Freins nombreux au signalement
L’enquête met également en lumière l’extrême difficulté pour les victimes à se faire reconnaître, à cause de l’ancrage de ces violences et d’une forme de fatalisme, même si la nouvelle génération semble nettement plus sensibilisée à cette problématique.
De façon générale, les médecins sont massivement convaincus (92 %) que les victimes rencontrent des difficultés à se faire reconnaître (écoute, prise en charge poursuite). Deux médecins sur trois (66 %) estiment que « le manque de soutien » est la raison principale pour laquelle les victimes ont du mal à être entendues et reconnues. Mais un gros tiers des sondés (39 %) citent aussi la banalisation des VSS dans le monde médical depuis des décennies. Actes « minimisés », crainte des répercussions sur la carrière, hiérarchie qui ferme les yeux pour « protéger » les auteurs, mais aussi société patriarcale et même culture du viol (2 % de citations) : autant de raisons qui empêchent la reconnaissance des victimes. Finalement, seuls 6 % des médecins jugent que c’est « l’omerta » qui verrouille la parole.
Cette situation délétère a un impact significatif sur le dépôt de plainte, que ce soit auprès des supérieurs hiérarchiques, de l’Ordre ou de la justice. Interrogés librement sur les freins au signalement (question ouverte), les médecins citent d’abord la peur de ne pas être cru (45 %), l’impact sur la vie professionnelle (20 %), la honte (13 %) ou encore la pression de la hiérarchie davantage que le tabou des VSS. Le manque de transparence sur les démarches n’aide pas : seules 3 % des victimes sont en mesure d’affirmer que l’Ordre a été informé.
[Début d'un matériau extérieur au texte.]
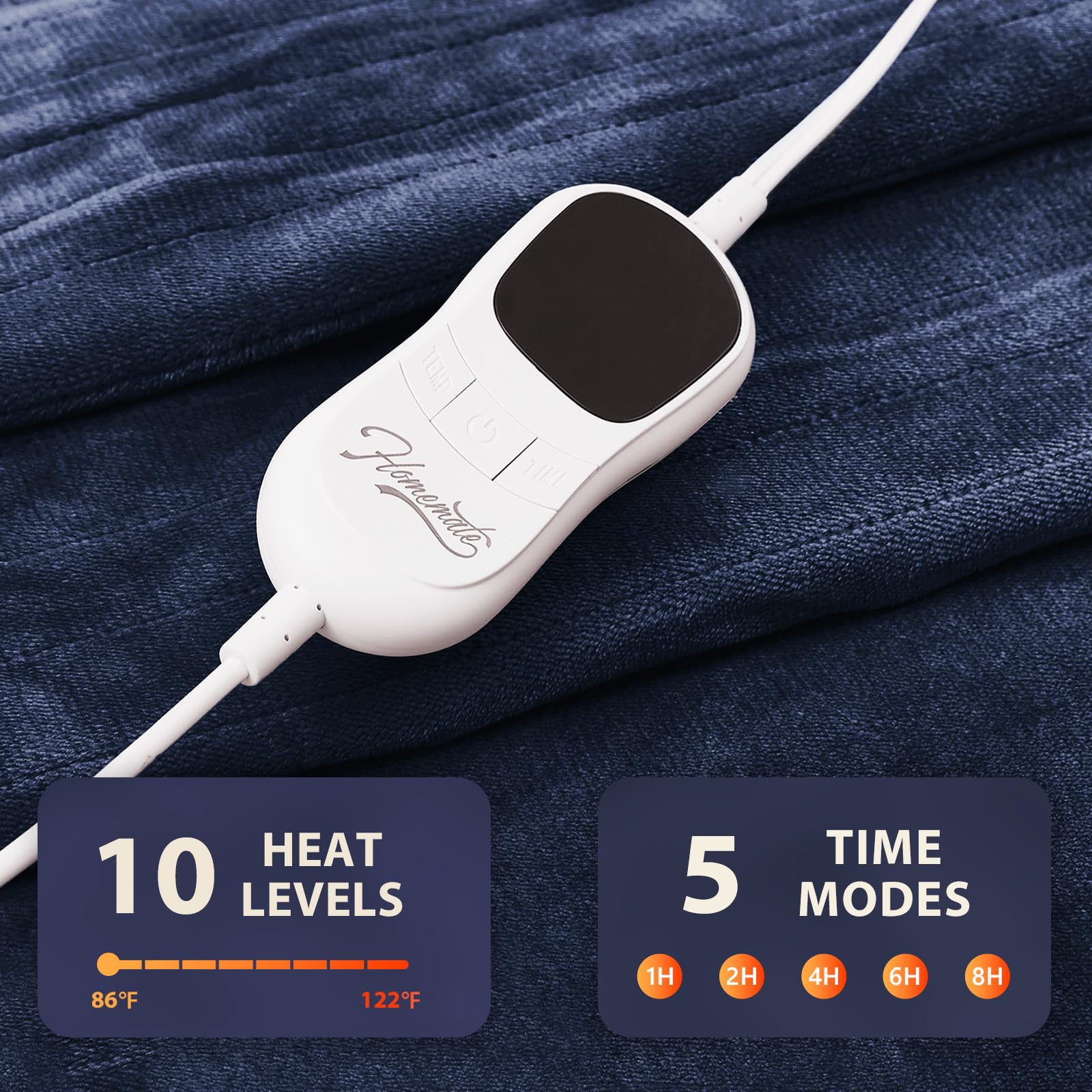 EASY TO USE: Homemate heated blanket have 10 heat levels,1/2/4/6/8 hours auto shut off.Temperature range is 86-122°F.Very convenient to use,even the elderly,the sick,and the disabled can use it easily.Power Cord is 16.7 feet,this long cord makes the use of the blanket more flexible,can be used on the bed,on the sofa,can be used in the study and office,very convenient.
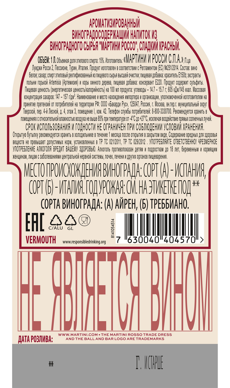 Напиток виноградосодержащий Martini Rosso из виноградного сырья красный сладкий, 1л
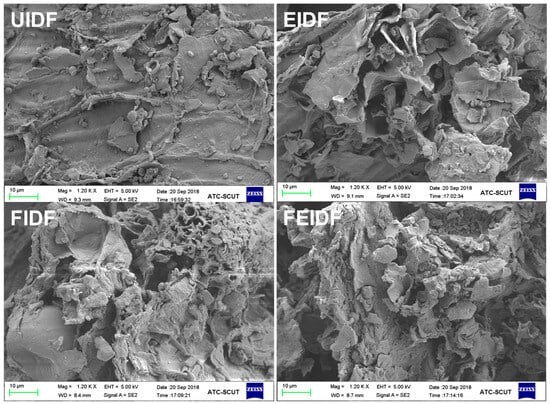 The scanning electron micrographs of IDF prepared from rice bran using different processing methods are displayed in Figure 1. The UIDF structure of untreated rice bran presents irregular small flakes, and the surface is dense and smooth. Compared to UIDF, EIDF and FEIDF exhibits more uneven and irregular rough cracks; they are similar in structure, composed of a large number of fragments, and the surface is wrinkled, forming larger cavities and obvious cracks, thus having a larger specific surface area. In addition, FIDF exhibits a more porous and wrinkled surface structure in comparison with UIDF. This observed disruption of the flake structure is consistent with previous reports [13,31] suggesting that such processing can lead to fiber degradation, a reduced polymerization degree, and a fragmented molecular morphology. Prior studies indicate that extrusion treatment can disrupt the rigid structure of bran cell walls, facilitating the action of native cell-wall-hydrolyzing enzymes (e.g., xylanase) to easily permeate the cell wall structure [8,32]. In fermented wheat bran, it was found that some of the cell walls in the bran were partially destroyed. The higher binding and adsorption capabilities of the processed IDF samples were attributed to increased binding-site exposure as a result of surface and microstructure modifications.
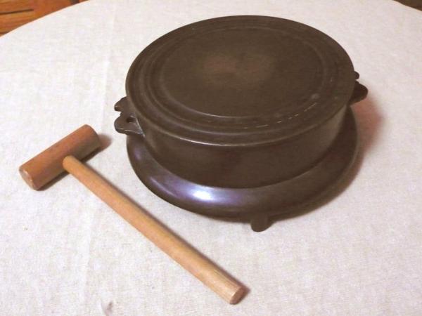 | 商品の特徴 | 【EMA商店】へようこそ! ★目に止めていただきまして、どうもありがとうございます。(^-^)★ 江戸~明治ごろの珍しく大きな鉦鐘です。 昔、寺院の仏具として、 または「火災信号」として消防隊や消防団出動の合図や 召集連絡に、こういった鐘(半鐘)が使われていました。 「カンカンカン,カンカンカン」と3回鳴らし, 少し間隔を開けてまた3回…を繰り返すのが「出場信号」といって、 消防隊や消防団の出動の合図でした。 今では電子音でお馴染みですね! 現在でも仏具としてや、茶席の客人を招く合図 祭囃子(まつりばやし おはやし)での利用もされています。 銅の質も良く重量もあり、 しっかりとした造りで価値ある逸品です。 吊るして叩くとカ~ン♪カ~ン♪と良くなります。 只今動画も公開中!←クリックしてください。 脚が付いていて、 置いて鳴らす事も出来ます。 (その時は音のサスティーンは短くなります。) 木製の槌(撞木【しゅもく】)も付属します。 状態はとても味わい深く良い思いますが、 古いものですので画像もご確認の上ご検討ください サイズ(約寸) 上部直径15.5cm、下部直径17.5cm 厚み5.5cm(脚含め約7cm) 重量1.8kgほど 付属品 木製の槌(撞木【しゅもく】) お部屋などに飾ってインテリアとしてもお楽しみください。 茶道具や花台飾り台としても◎ 古民具と共に充実した生活を★ ※厳重に梱包の上発送いたします。 (消費税はかかりません【税込】)
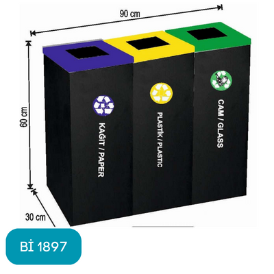 ÜÇLÜ GERİ DÖNÜŞÜM KOVASI BOYALI Bİ1897
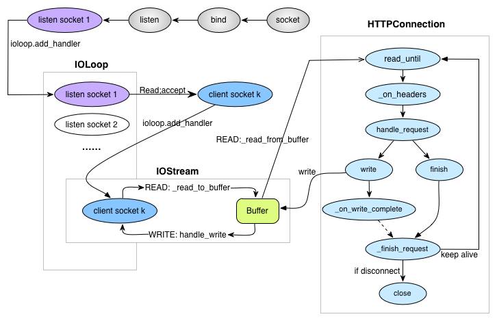IOLoop在监听端口,当对应的fd ready时会回调注册的handler去处理请求,这里的handler就是我们写业务逻辑的RequestHandler
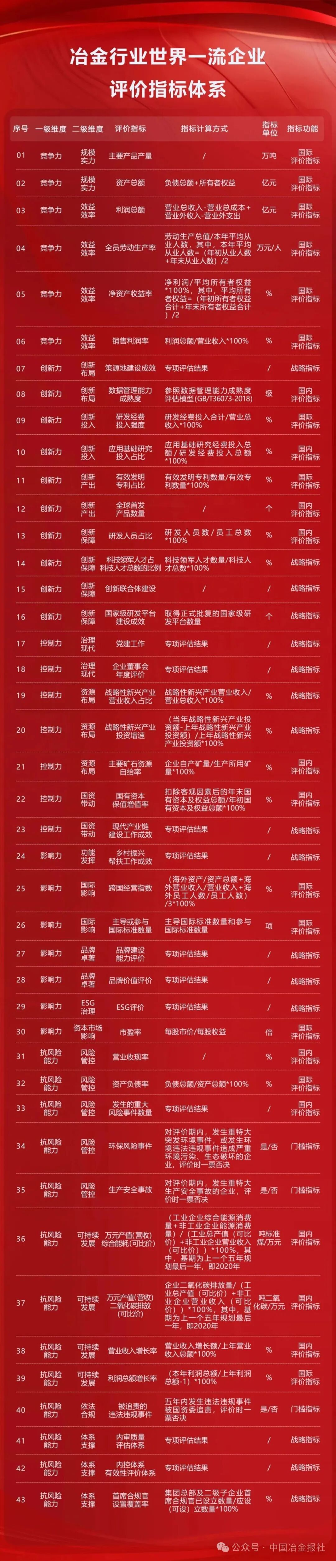 其中,冶金行业世界一流企业评价指标体系如下:
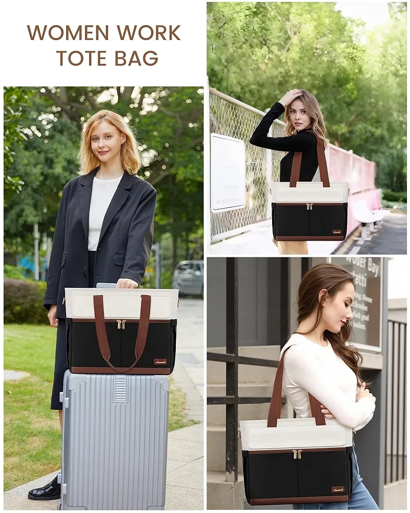 【Plenty of Space】This tote bag for women work features a large capacity to fit a 15.6-inch laptop. With 8 internal pockets including a laptop compartment, 2 mesh pockets, and 2 slip pockets, this teacher tote bag ensures easy organization of all your essentials.
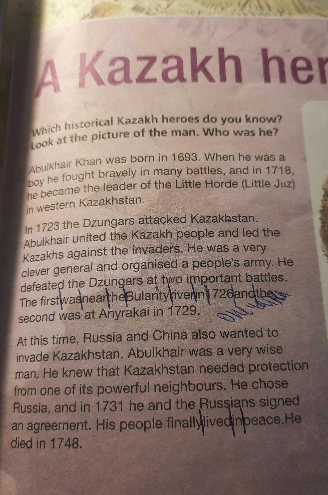 В это время, Россия и Китай хотели захватить Казахстан. Абылхайыр был очень мудрый. Он знал что Казахстан нуждается в защите от одного из его мощных соседей. Он выбрал Россию и в 1731 году он и русские подписали соглашение. Его люди наконец жили в мире, Он умер в 1748 году.
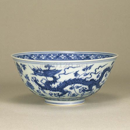 成化年間に現われた薄作りで小形の碗の延長線上にあると思われるが、文様表現は一転して繁縟さを増している。外側には宝相華(ほうそうげ)唐草をともなう一対の龍の姿を、内側は側面に蔓唐草文を、底部に蓮池文を描く。文様は細い描線で余白をあまり残さず緻密に描かれている。一方で龍の肢体や唐草の蔓の動き、葉や花弁の形などには図式化の傾向が見られる。また、口縁部や内底に見られる細かい装飾には、次の嘉靖万暦期の文様との関連がうかがえる。
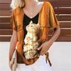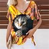 Summer Lovely Cat 3D Print T-Shirts Women Casual V-Neck Short Sleeve T Shirt Y2k Harajuku Animal Tees Loose Tops Female Clothing
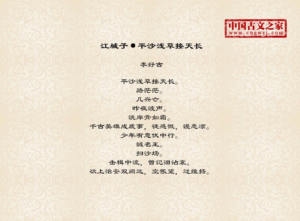 《江城子·平沙浅草接天长》的原文打印版(李好古)
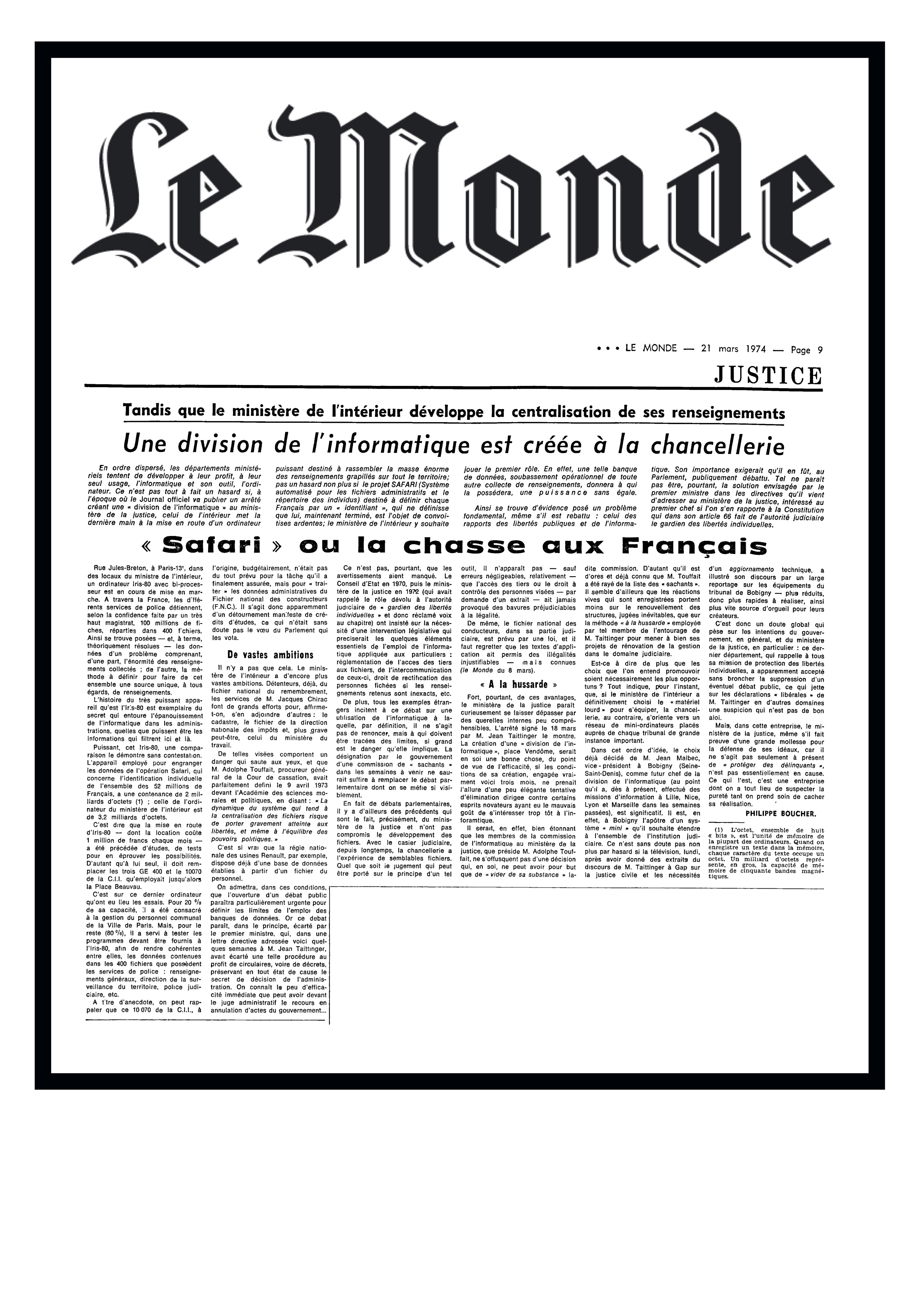 - 🇫🇷 On 21 March 1974, French newspaper Le Monde publishes ‘”Safari” ou la chasse aux Français’, an article by Philippe Boucher alerting of plans for a nationwide database. The article triggers numerous reactions, which will eventually lead to the adoption of a law on ‘computers & freedoms’ (informatique et libértés).

L’inefficacité perçue de l’institution ordinale revient aussi dans 12 % des réponses.
Autre signe du chemin qui reste à parcourir : 69 % des médecins considèrent que les victimes de VSS s’exposent à des discriminations professionnelles (obstacles dans l’avancement, stigmatisation, placardisation, moqueries, etc.). Les termes « personnes à problèmes », « fauteurs de troubles », femmes « procédurières » et « aguicheuses » reviennent dans les témoignages cités. Dans le monde médical, briser l’omerta est une première étape mais en finir avec le sexisme en est une autre.
* Enquête pilotée par les Drs Marie-Pierre Glaviano-Ceccaldi et Jean-Marcel Mourgues, vice-présidents du Cnom, effectuée en ligne du 23 septembre au 14 octobre auprès de 21 140 médecins (19 104 docteurs juniors et médecins en activité régulière, remplaçants ou retraités actifs et 2 036 médecins non actifs).